* DATA PROVIDED
+---+
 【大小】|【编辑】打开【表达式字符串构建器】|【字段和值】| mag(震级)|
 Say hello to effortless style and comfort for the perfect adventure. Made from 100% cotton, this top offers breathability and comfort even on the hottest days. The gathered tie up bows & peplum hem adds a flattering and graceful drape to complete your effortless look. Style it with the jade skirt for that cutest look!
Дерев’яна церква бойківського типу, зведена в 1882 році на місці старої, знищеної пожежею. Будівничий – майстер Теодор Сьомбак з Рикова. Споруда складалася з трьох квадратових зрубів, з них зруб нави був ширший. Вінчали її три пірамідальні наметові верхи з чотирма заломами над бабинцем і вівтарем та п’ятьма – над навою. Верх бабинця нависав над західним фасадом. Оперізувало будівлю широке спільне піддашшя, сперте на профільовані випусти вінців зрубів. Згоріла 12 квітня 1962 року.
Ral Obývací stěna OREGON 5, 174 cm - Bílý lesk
+---+
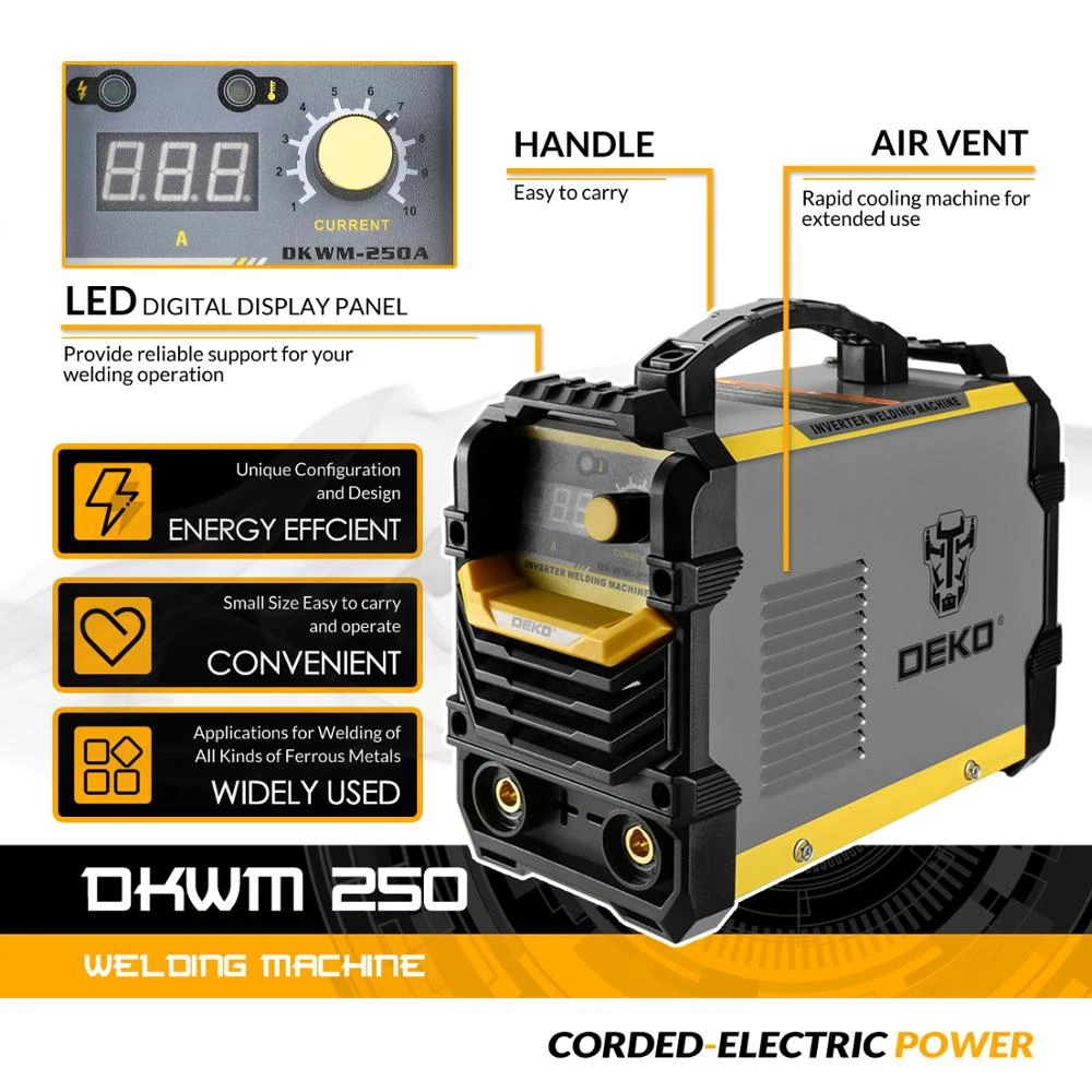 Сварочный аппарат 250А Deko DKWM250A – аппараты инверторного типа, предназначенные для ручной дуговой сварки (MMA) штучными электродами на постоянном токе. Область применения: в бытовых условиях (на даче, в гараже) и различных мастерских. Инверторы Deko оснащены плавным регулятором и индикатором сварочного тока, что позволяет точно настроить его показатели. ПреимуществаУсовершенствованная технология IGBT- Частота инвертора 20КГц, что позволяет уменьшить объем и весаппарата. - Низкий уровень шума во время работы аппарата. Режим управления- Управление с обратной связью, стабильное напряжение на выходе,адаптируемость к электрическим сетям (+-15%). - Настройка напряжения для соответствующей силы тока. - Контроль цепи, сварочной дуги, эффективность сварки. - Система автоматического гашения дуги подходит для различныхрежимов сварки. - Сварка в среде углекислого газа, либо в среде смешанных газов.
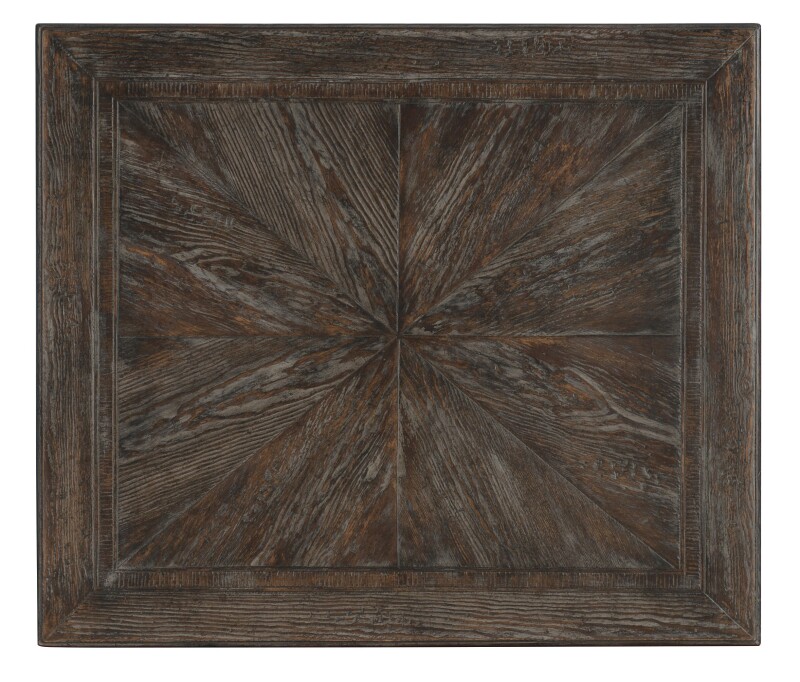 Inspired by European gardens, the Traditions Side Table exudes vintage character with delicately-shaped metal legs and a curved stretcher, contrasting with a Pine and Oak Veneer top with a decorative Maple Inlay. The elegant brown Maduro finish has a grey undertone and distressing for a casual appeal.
+---+
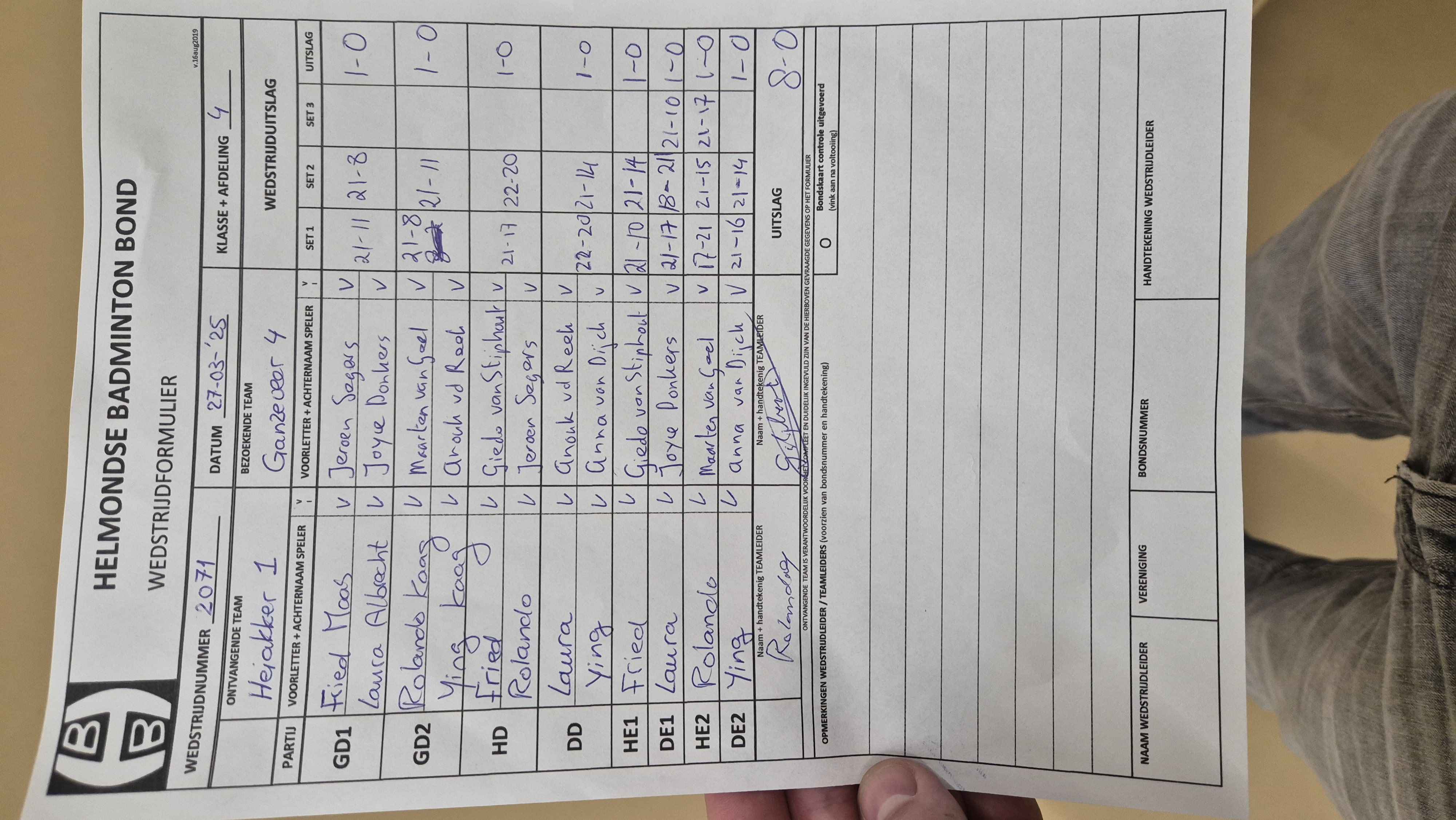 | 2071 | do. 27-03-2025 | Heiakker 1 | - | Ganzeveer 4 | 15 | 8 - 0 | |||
+---+
All that is wanted is an exact copy of the lines above from the one with "Дерев’яна церква бойківського" through the one with "Ral Obývací stěna", with both ends included.

* EXERCISE SOLUTION
Дерев’яна церква бойківського типу, зведена в 1882 році на місці старої, знищеної пожежею. Будівничий – майстер Теодор Сьомбак з Рикова. Споруда складалася з трьох квадратових зрубів, з них зруб нави був ширший. Вінчали її три пірамідальні наметові верхи з чотирма заломами над бабинцем і вівтарем та п’ятьма – над навою. Верх бабинця нависав над західним фасадом. Оперізувало будівлю широке спільне піддашшя, сперте на профільовані випусти вінців зрубів. Згоріла 12 квітня 1962 року.
Ral Obývací stěna OREGON 5, 174 cm - Bílý lesk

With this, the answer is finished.